1. Extensional Expressions. Often, it is easier to indicate sets of objects via direct manipulation than to create an expression defining the set. The bounding box in Figure 1 selects some houses near the border between Squirrel Hill and Point Breeze. This is an extensional operation because the set of points is selected without conveying the underlying intent of the set. Consequently, if the border were later changed and the neighborhood attribute of the affected houses were updated, no mechanism could infer the change in the selected set. In general, extensional queries can’t be reused on different data.
2. Intentional Expressions. An analogous intentional query would, for instance, select "all houses within 100 yards of a house with a different value for neighborhood attribute." Intentional queries have a declarative representation distinct from what they evaluate to on the current data, and so can be reused.

• VQE includes a schema browser similar to Figure 2 (top), as well as providing a graphical representation of the query which more easily allows users to find the attributes they need.
• Visage has been integrated with the SAGE system [10,11] for automated design of visualizations that integrate many attributes. SAGE is a visualization server to Visage, which renders SAGE graphic designs so that they are subject to all direct manipulation operations.
• Visage provides direct manipulation operations that allow users to make extensional queries, while VQE allows the creation of intentional queries. Furthermore, the integration of VQE with SAGE enables the visualization of attributes derived from multiple data objects.

1.1 Visage

Visage is an information centric [10,11] user interface environment for data exploration and for creating interfaces to data-intensive applications. Data objects are represented as first class interface objects that can be manipulated using a common set of basic operations, such as drill-down and roll-up, drag-and-drop, copy, and dynamic scaling. These operations are universally applicable across the environment, whether graphical objects appear in a hierarchical table, a map, a slide show, a query, or other application user interface. Furthermore, graphical objects can be dragged across application UI boundaries. Integrating the visualization system directly with an underlying database, rather than just deriving visualizations from otherwise isolated tables, is key to coordinating visualization applications with the other components of an exploratory data analysis environment.

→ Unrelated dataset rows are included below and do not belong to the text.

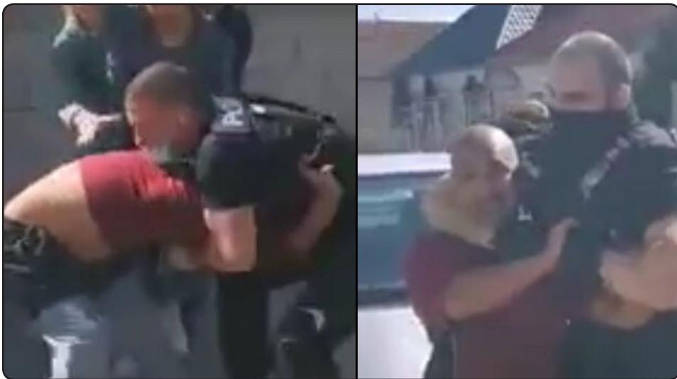
A police officer uses a choke hold during a confrontation with a Romani man who was smoking outside his house without a mask.

My uncle did not want to give himself up because basically they had no reason to arrest him. I would like to underscore that the officers did not use the standard arrest method of putting his hands behind his back and handcuffing him. They immediately shoved him against the car and twisted his arm. They pressed on his neck and my uncle was choking. What's more, the officers themselves weren't wearing the required face masks correctly either.”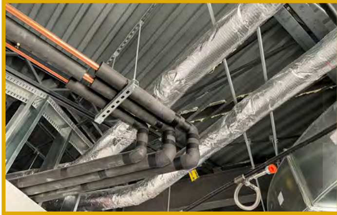
Duct & Pipe Insulation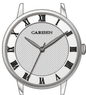
Scale 1.5 : 1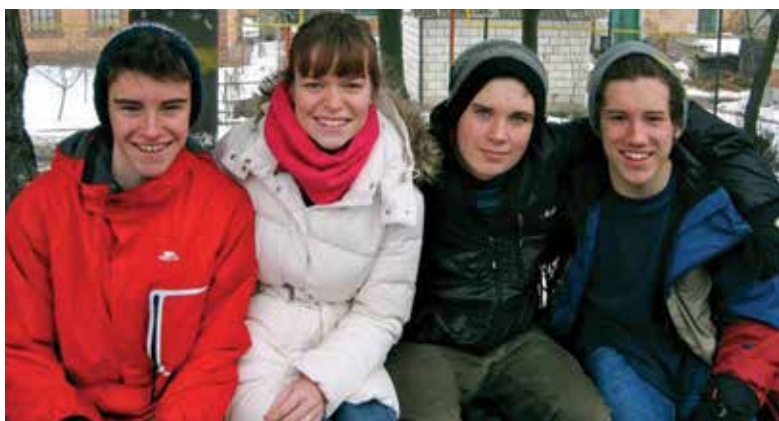
Youngsters on a mission in Moldova

Stour Valley Baptist Church and the Joint Churches of Shipston Youth Project run a variety of Youth Groups. To find out more please visit SVBC's website www.stourvalleybaptist.org.uk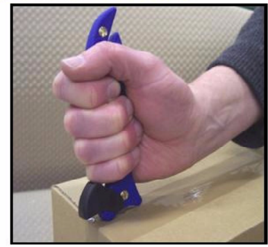
Tape & Card

Also suitable for cutting:- Stretch Wrap, Bubble Wrap, String, Rope etc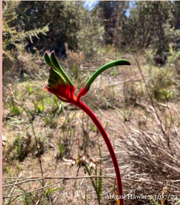
Abigail Hawke 23/07/23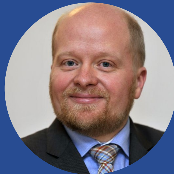
Ólafur Einarsson, Registrar EFTA Court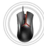
Lenovo Y Gaming Optical Mouse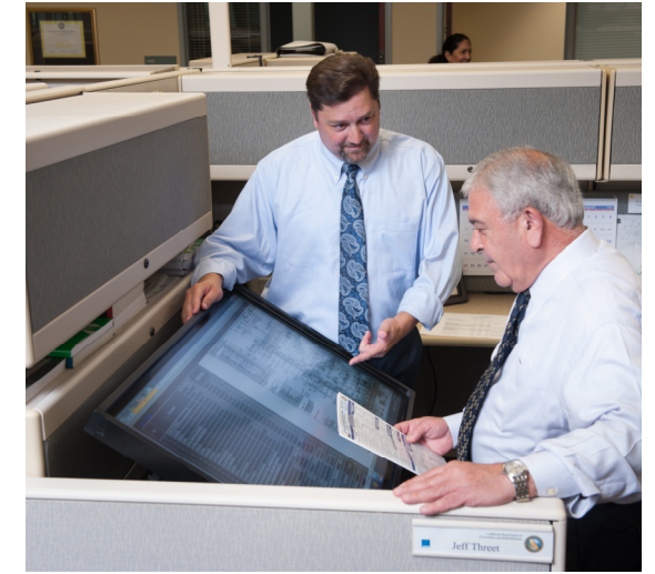
Planning phase and coordination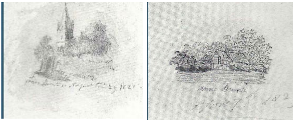
Figures 2 and 3: Anne Brontë, pencil drawing of a church surrounded by trees, 1828 (left). Anne Brontë, pencil drawing of a cottage with trees, 1829 (right). Brontë Parsonage Museum.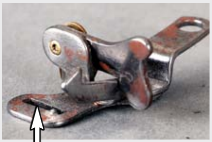
Slot for hook coupler

Left, Type 3 latch coupler, 1928-42 with notch in rivet to retain spring. Right, Type 3s (slot) latch coupler, 1928-32 with notch in rivet to retain spring and slot for hook coupler. This improvement had four parts to assemble and was resistant to damage from rough handling.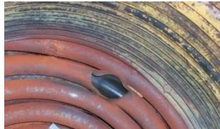
Pipe rupture due to freezing or obstruction

The HE Series (all electric) contains multiple heating elements to generate significant temperature rise in the heat exchange process. The heat exchanger contains a tubular pipe system that directs the water flow through the heating elements.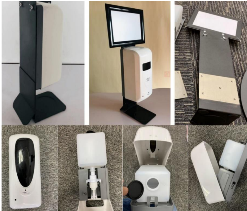
Table Top Automatic Dispensers offer a good way of cleaning hands. An automatic hand sanitizer dispenser comes with a sensor, and as soon as you place your hand under it, it dispenses the sanitizer instantly. There is no need to touch the dispenser itself, making it a very safe hand cleaning solution.

Hand sanitizers provide a convenient method of cleaning hands without requiring a sink and running water. Fast-dissolving sanitizer solutions clean users' hands and then dissipate, alleviating the need for rinse water or paper products for drying hands. This allows for a hand sanitizing station to be installed in places without having to install plumbing or other accessories.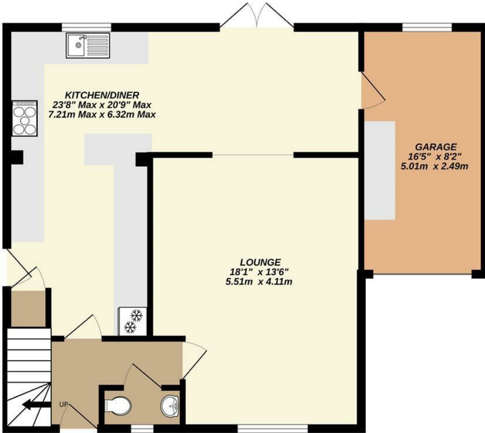
GROUND FLOOR 765 sq.ft. (71.1 sq.m.) approx.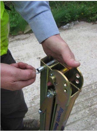
Remove locking pin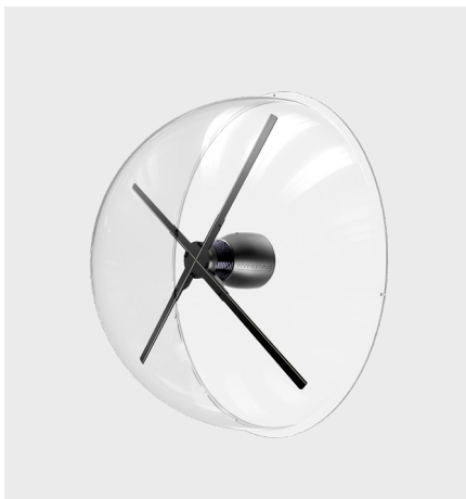
HYPERVSN Dome M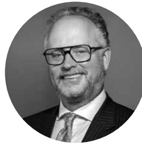
WILLIAM JOHNSON III STEVINSON LEXUS OF LAKEWOOD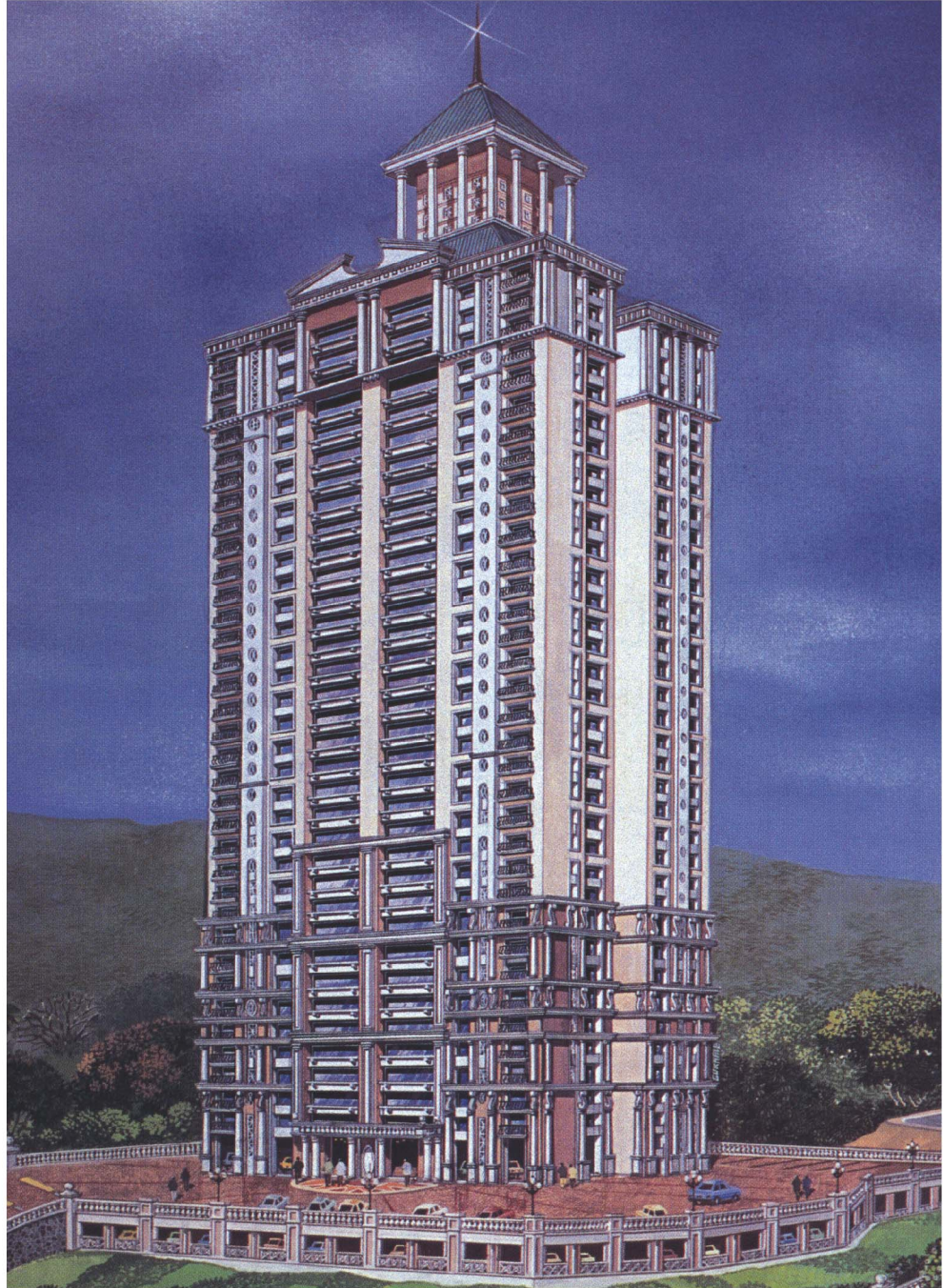
“ Torino ” Hiranandani Gardens, Powai.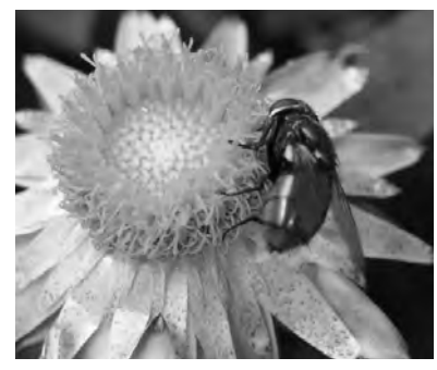
Figure 13. Blow fly, or green bottle fly.

Putrid smelling blossoms are an adaptation to attract certain fly pollinators (Figures 16 and 17). Even male mosquitoes (relatives of flies) get in on the act, pollinating certain orchids. Long-tongued flies (for example, syrphids and bombylids) feed on the same flower types that bees do. Short-tongued flies feed on

Visage includes ubiquitous extensional query operations. A user can navigate from the visual representation of any database object to other related objects. For instance, from a graphical object representing a real estate sales agent, one can navigate to all the houses listed by that agent. It is also possible to aggregate database objects into a new object, which will have attributes derived from its elements. For instance, we could aggregate the houses listed by John and look up their average size or recompose this set into sub-aggregates based on neighborhood or number of rooms (i.e. all Shadyside houses listed by John with 8 rooms).

We can brush [3] graphical objects in a visualization to change their color, and have graphical objects in all visualizations representing the same data object also be colored. This kind of coordination enables the user to see correlations among more variables than can be encoded in a single visualization.

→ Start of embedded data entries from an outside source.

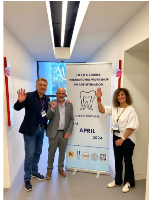
Fig. 1: Some of the resource faculty (above) and enrolled participants at the Age Estimation Workshop.

All participants received 28 hours of age estimation participation continuing education credit. These certificates were provided by IOFOS and by the School of Medicine, University of Lisbon. At the end of the workshop, participants were given two age estimation cases and were asked to undertake age estimation and then submit a written report for each case. This was a proficiency test and reports were evaluated by the scientific committee. Those participants who met the age assessment and report writing criteria received a certificate of proficiency for 2 years and it was immensely gratifying to see all participants being successful. Details are available at https://iofos.eu/2024-proficiency-test-on-age-estimation/ .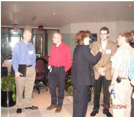
Members and guests networking prior to program.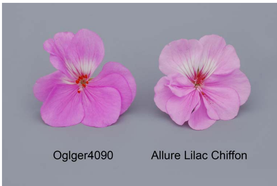
Pelargonium: 'Oglger4090' (left) with reference variety 'Allure Lilac Chiffon' (right)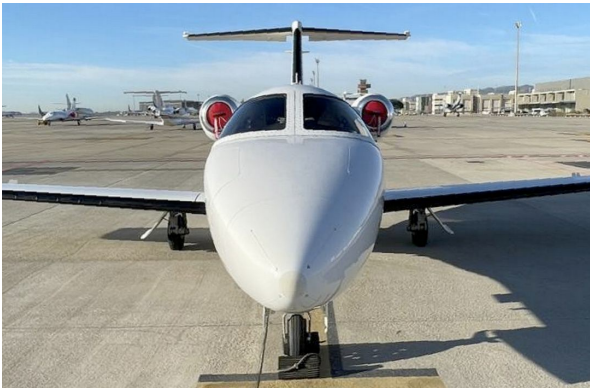
Cessna Mustang Engine Inlet Plugs

The Engine Inlet Plugs are custom fit for your Cessna Mustang 510 intakes, made with heavy-duty vinyl material, and stuffed with a single block of sculpted urethane foam. Each plug has a zipper that allows the foam to be removed and dried if necessary. Engine plugs have 'remove before flight' streamers sewn onto the face of the plugs. Most plugs are imprinted with the aircraft registration number in black for an extra charge. Storage bag NOT included. Engine plugs may be inserted after flight when the engine is still warm. Engine Inlet Plugs are commonly referred to as Cowl Plugs, Intake Plugs, Cowl Blocks, Engine Blocks, and Engine Bungs.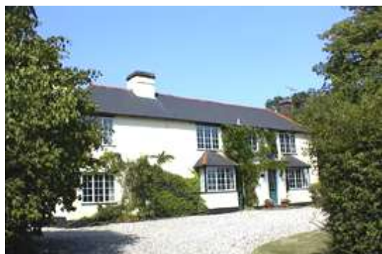
Rebuilt Woodham Hall, the original site of the Eleanora and William Douglas manor in 1291

estate that was given to Eleanora was designated as Stebbing Park and included the site of the original medieval manor house and moat. The Park was actually a major part of the extensive land holding described in charters as Stebbing. I have stayed in a local B&B in the village of that medieval manor several times as it provided me with a central Essex location from which to explore that and other nearby estates. There is still water that surrounds the manor house that is believed to be part of an original moat system for defense. The ancient church in the village also dates to the 1200's. Of note, about a mile from the Stebbing Park manor house are the medieval ruins of Little Dunmow Priory that includes part of the original church; according to her will, it is where Eleanora Douglas was buried in 1328.

We can filter objects based on any numerical attribute with a Dynamic Query slider [1]. Graphical objects representing a data object whose attribute value falls outside the range selected by the slider are made invisible.

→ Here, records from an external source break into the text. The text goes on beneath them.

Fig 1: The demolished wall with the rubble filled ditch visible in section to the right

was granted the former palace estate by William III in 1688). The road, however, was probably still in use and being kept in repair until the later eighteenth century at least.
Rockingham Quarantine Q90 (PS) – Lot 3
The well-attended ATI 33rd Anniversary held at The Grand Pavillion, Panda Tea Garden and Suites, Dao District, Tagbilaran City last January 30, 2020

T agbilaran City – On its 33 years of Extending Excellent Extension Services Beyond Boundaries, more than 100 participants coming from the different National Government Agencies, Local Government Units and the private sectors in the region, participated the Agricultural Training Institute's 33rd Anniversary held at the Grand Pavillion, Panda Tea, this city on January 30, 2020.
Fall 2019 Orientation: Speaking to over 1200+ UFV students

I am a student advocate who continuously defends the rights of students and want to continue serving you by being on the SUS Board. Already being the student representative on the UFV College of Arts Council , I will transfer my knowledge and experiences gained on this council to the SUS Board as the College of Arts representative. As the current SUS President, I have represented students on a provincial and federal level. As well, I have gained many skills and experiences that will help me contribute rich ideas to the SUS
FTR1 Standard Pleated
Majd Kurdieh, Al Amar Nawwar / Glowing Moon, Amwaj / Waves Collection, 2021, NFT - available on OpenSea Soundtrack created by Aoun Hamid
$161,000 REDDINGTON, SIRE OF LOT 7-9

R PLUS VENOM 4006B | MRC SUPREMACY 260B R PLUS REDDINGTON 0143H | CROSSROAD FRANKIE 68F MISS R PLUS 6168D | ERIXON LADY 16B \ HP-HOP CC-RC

The three direct manipulation operations, brushing, filtering, and drag and drop, are normally implemented under the assumption that there is a many-to-one mapping between graphical objects and data objects. If graphical objects in multiple visualizations refer to the same data objects, these operations will affect all the visualizations in the same way, in which case they are said to be coordinated. Becker and Cleveland [3] originally conceived this architectural approach to coordination, and it represented a significant advance over earlier visualizations using ad hoc data structures. However their elegantly simple notion breaks down in the face of a database with multiple object types.

In previous data exploration systems using relational databases, the database contains a table of houses and a table of sales. Figure 1 was generated entirely from the house table, so its graphical objects are mapped to records in that table. To graph selling_price versus lot_size in Figure 2, we must form a relational join between the two tables, generating a third table whose attributes include both selling_price and lot_size. Graphical objects in the chart map to records in the new table. Therefore the two visualizations cannot be coordinated under Becker’s architecture. Further, records in a relational database table have no structure beyond its set of attributes. They contain no memory of what tables they were generated from. So even with a more complicated coordination architecture, there is just not enough information in table records to do coordination based on object identity.

Visage solves this problem within the information-centric paradigm by mapping graphical objects to graph structures of objects, which are called threads. Because threads remember the objects from which they are constructed, coordination across visualizations with related but distinct thread structures is possible (see section 4). Threads provide an architectural solution to the multiple-object problem, but not a UI solution. There is still the need for queries to specify how threads are constructed, as well as other dataset definition operations.

1.2 VQE

VQE is a visual query environment within Visage for representing operations explicitly. It enables an analyst to construct complex intentional queries during data exploration and reuse them later. VQE queries can express navigation across relationships, aggregation, and filtering by range selection or by arithmetic or equality relations between attributes.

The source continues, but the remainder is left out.